The look and feel of the new Aero interface is a huge improvement over XP — always a search window where you want one, interactive 3D windows, new ways to browse open windows, customizable functions, and buttons always where you need them — but the real appeal will be in the host of new features available.

One feature you’ll notice right away is Windows Shell, a new type of file organization system that lets you choose how you want to group, stack and link files and folders in your system. Shell recognizes that sometimes users want files to be in two places at once, or serve more than one function.

It’s also easier to move up and down your file hierarchy, retracing your steps as you move around.

The new Desktop Search tool will also be helpful for finding files, with a high degree of specification. A new indexing engine will make it faster to find key words on your hard drive, and sort the results in a way that they’re easier to sift through.

The Sidebar feature is pretty much the same thing as Apple’s Dashboard, essentially allowing the use of little java applets that do everything from tell time to provide updated weather reports.

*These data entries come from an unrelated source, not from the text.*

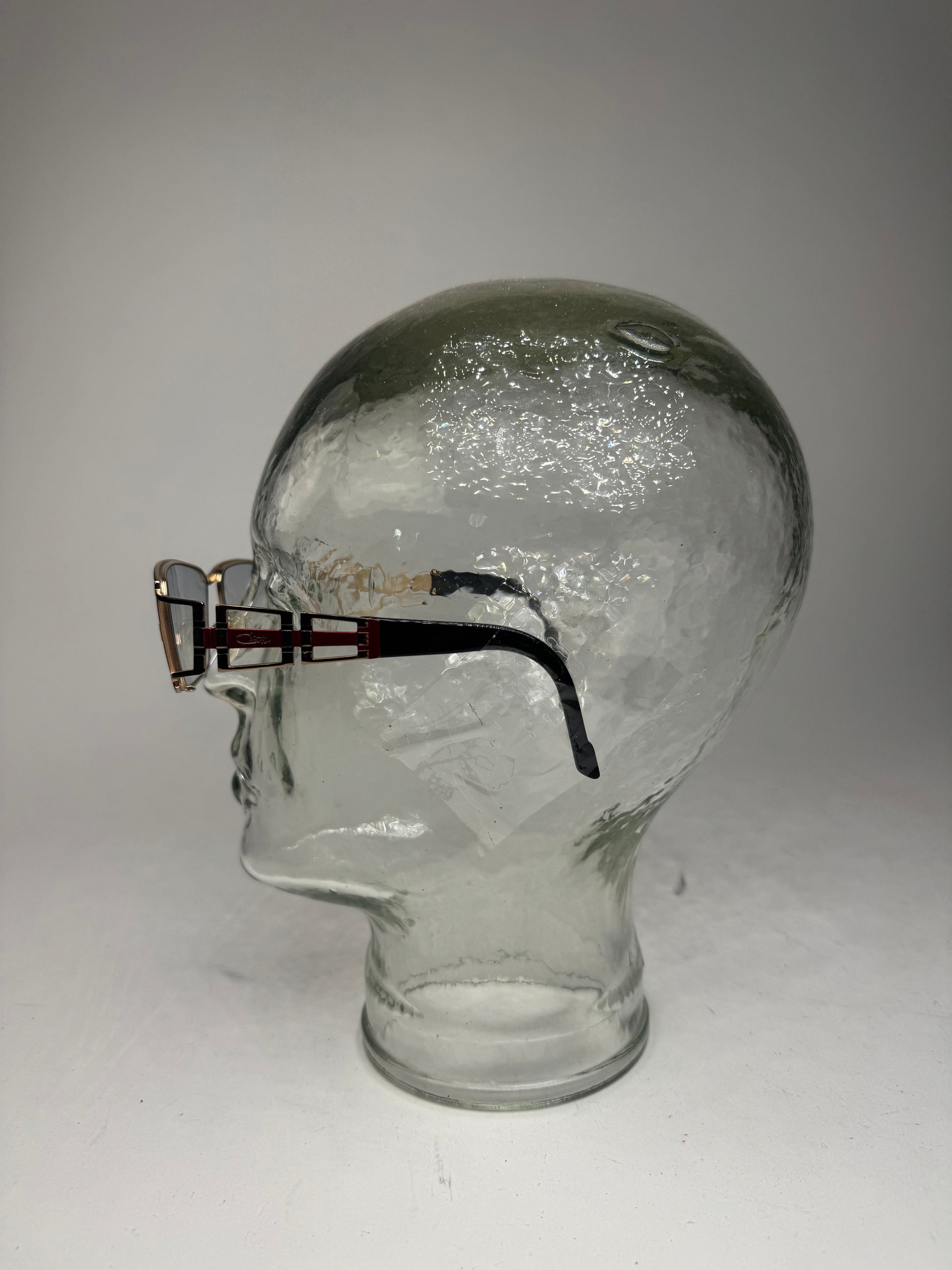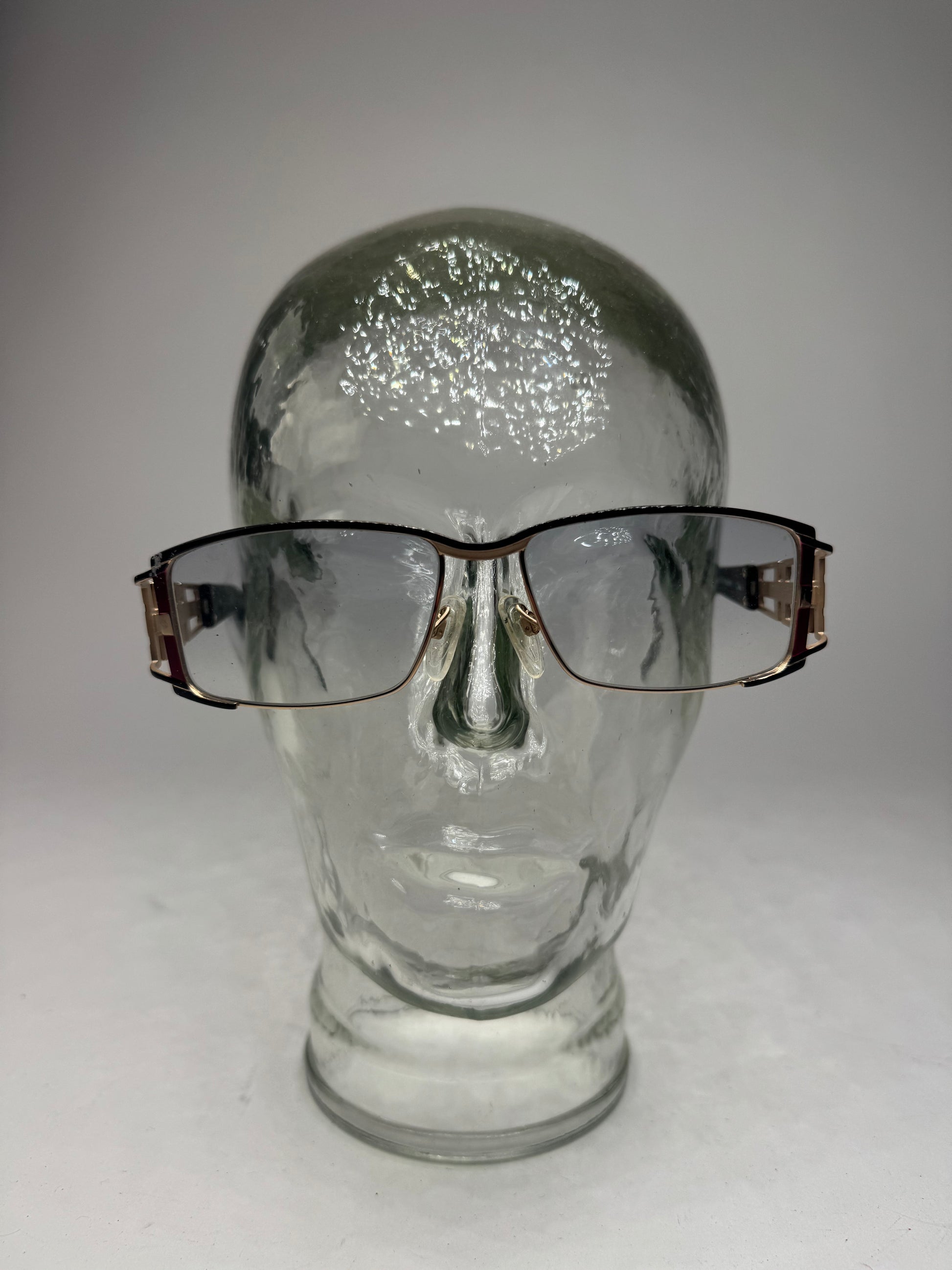 These striking vintage sunglasses feature blue-tinted lenses with an unknown prescription and embody CAZAL’s bold and iconic design language — known for its architectural shapes and luxurious detailing that defined 1980s eyewear culture. The temples have a bone-like design crafted from rose-toned steel and red-brown acetate, with black acetate tips for comfort and contrast. Made in Germany, this piece perfectly captures CAZAL’s fusion of artistry, innovation, and statement style.
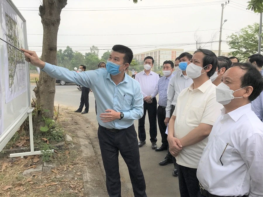 Bộ trưởng Bộ GD&ĐT Nguyễn Kim Sơn đi kiểm tra Dự án Làng ĐH Đà Nẵng. Ảnh: TA
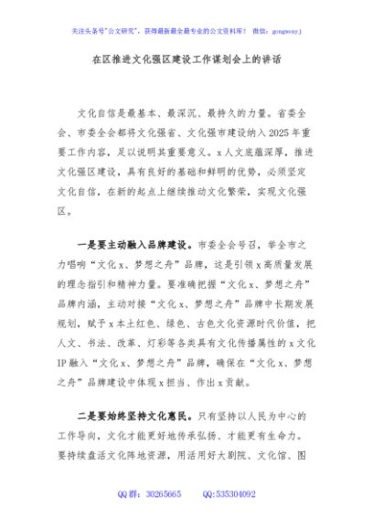 / 在区推进文化强区建设工作谋划会上的讲话

Other features include a new Windows Mail program, a new contacts application, a new calendar application, a new fax and scan application, the Windows Meeting Space application where you can easily collaborate on applications and files with other users, and various other helpful tools.

Several reviewers have already pointed out that many Vista’s features copy the features already included in Apple’s OSX series of operating systems. Rather than argue against that, I’d say that the similarities are a good thing even if Microsoft loses points for originality — OSX is widely recognized as the best of all the operating systems out there, and it would be silly if Vista couldn’t at least match that functionality.